# Flagler Beach bound (8/6 - 8/13)



## jledebur (Jun 1, 2011)

Me and the family are heading to Flagler for a week of late-summer vacation - any tips / tricks/ locations we might want to check out for fishing and bait (cast-netted or purchased)? I'll try to give updates while we're down there, but I don't know if the house we're in will have wi-fi. thanks :fishing:


----------



## tjbjornsen (Oct 31, 2009)

This site will give you some good reports and tips for that area;
http://www.surfishingflorida.com/Forum/tabid/153/forumid/18/scope/threads/currentpage/1/Default.aspx

Really Fresh Shrimp for Pomps and mullet/whiting, and give the FishBites Shrimp/Squid Sammich a try...
If you have the gear and casting prowess, get out past the bar, you will have better luck the further out you can get.

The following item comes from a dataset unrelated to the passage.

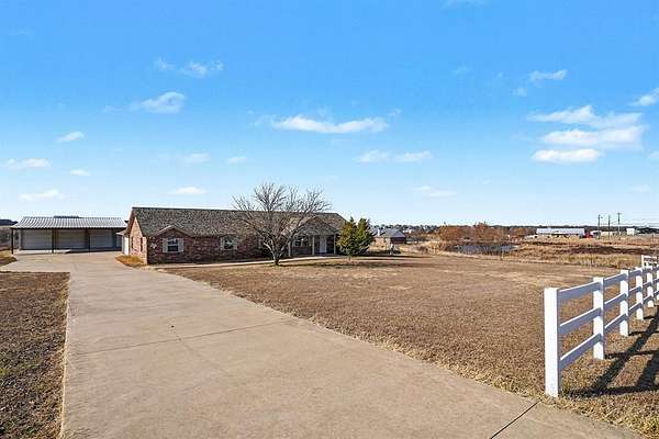 Welcome to the country! This lovely home sits on over 2 acres and is less than 10 min from Chisholm Trail Pky providing quick access to Ft Worth and surrounding communities. Carpet in bedrooms, hard surfaces in common areas, ceiling fans, and a cozy fireplace in the living room. The master suite offers serenity after a long day in a soaking tub, separate vanities, and walk-in closet. The open-concept kitchen makes meal prep time easy to watch the kids or enjoy guests while making your favorite dish. Lots of cabinets, a pantry, decorative backsplash, and stainless appliances. The spacious laundry room includes a full-size washer-dryer and a 2nd refrigerator. There is a fenced backyard with room to play fetch with the dog or enjoy stars at night. One of the best things about this property is the large workshop in back that boasts 3 garage door stalls, vehicle lift, a carport, and extra storage loft to maximize space. This is a must-see home that is ready to move in before the holidays! Tenant to confirm schools. Washer and Dryer pictured are not included.

Matanzas Inlet is a pretty fishy looking spot if you want to walk a bit to get there from the parking. Reading the above boards they have been hitting the bonnet heads pretty well for the last week or so.
Good Luck!


----------



## jledebur (Jun 1, 2011)

Overall, an excellent week down in Flagler beach. With all the fun-in-the-sun time we all spent playing on the beach, 
my wife and I still managed to find time to fish. As has been happening lately, my wife out-fished me by a long shot. LOL
I was amazed at the clarity of the water - most of the time I could count my toes @ 4ft depth. Super calm waters for the week.
8/8 - @ 21st St South from 10:30 - 12:30. ZIP
8/9 - @ 21st St South from 11:00 - 1:00. ZIP
8/10 - @ Crescent Beach Southern-most beach ramp from 7:45 - 11:00. I caught and released a 16" Atlantic Sharpnose Shark on a squid head.http://www.flickr.com/photos/reditguy/6041852443/
8/11(AM) - @ 23rd St South from 7:30 - 11:00. I caught ZIP. My wife caught (4) 10-14" Whiting and (2) 6" Pinfish on shrimp
8/11(PM) - @ 21st St South from 4:00 - 6:30. I caught (and released) a weird-a$$ fish with lots of spines and orange, wing-like pectoral fins I haven't been able to identify yet (http://www.flickr.com/photos/reditguy/6042397850/), and my wife caught 2 more 12" Whiting and a 13" Bluefish! Everything was caught on 1" chunks of Mullet.http://www.flickr.com/photos/reditguy/6041852521/
8/12 - @ 21st St South 1:30-4:30. I caught a 16" Ladyfish on 1" chunk of Mullet. Not much of a fighter, but it sure put on a show with it's jumps!http://www.flickr.com/photos/reditguy/6041863503/
The Whiting and the Blue were all grilled to perfection for dinner Thursday night (burp!).http://www.flickr.com/photos/reditguy/6042398068/


----------



## jledebur (Jun 1, 2011)

Thanks TJ - the shrimp we got locally was crap and fell apart more often than not, but the mullet we brought with us worked well. Found myself falling short of the 3rd bar by about 10 yards (and that was standing in about 5 ft of water at the time. I'm getting ready to re-spool our lines with 15# instead of 20 to see if that makes much of a difference on distance.


----------



## tjbjornsen (Oct 31, 2009)

Yeah, for someplace right up against the ocean I thought it was kind of odd that you really had to work hard to find decent bait.
I gave up in the crap shrimp that I found too, and stuck to the Fishbites stuff. 
I kept reading in the papers about what a great year they were having for shrimp down there, but they must be shipping it out of state, because I sure couldn't find it either!


----------



## Singletjeff (Mar 27, 2005)

The Freaky Fish looks like a Sea Robin.


----------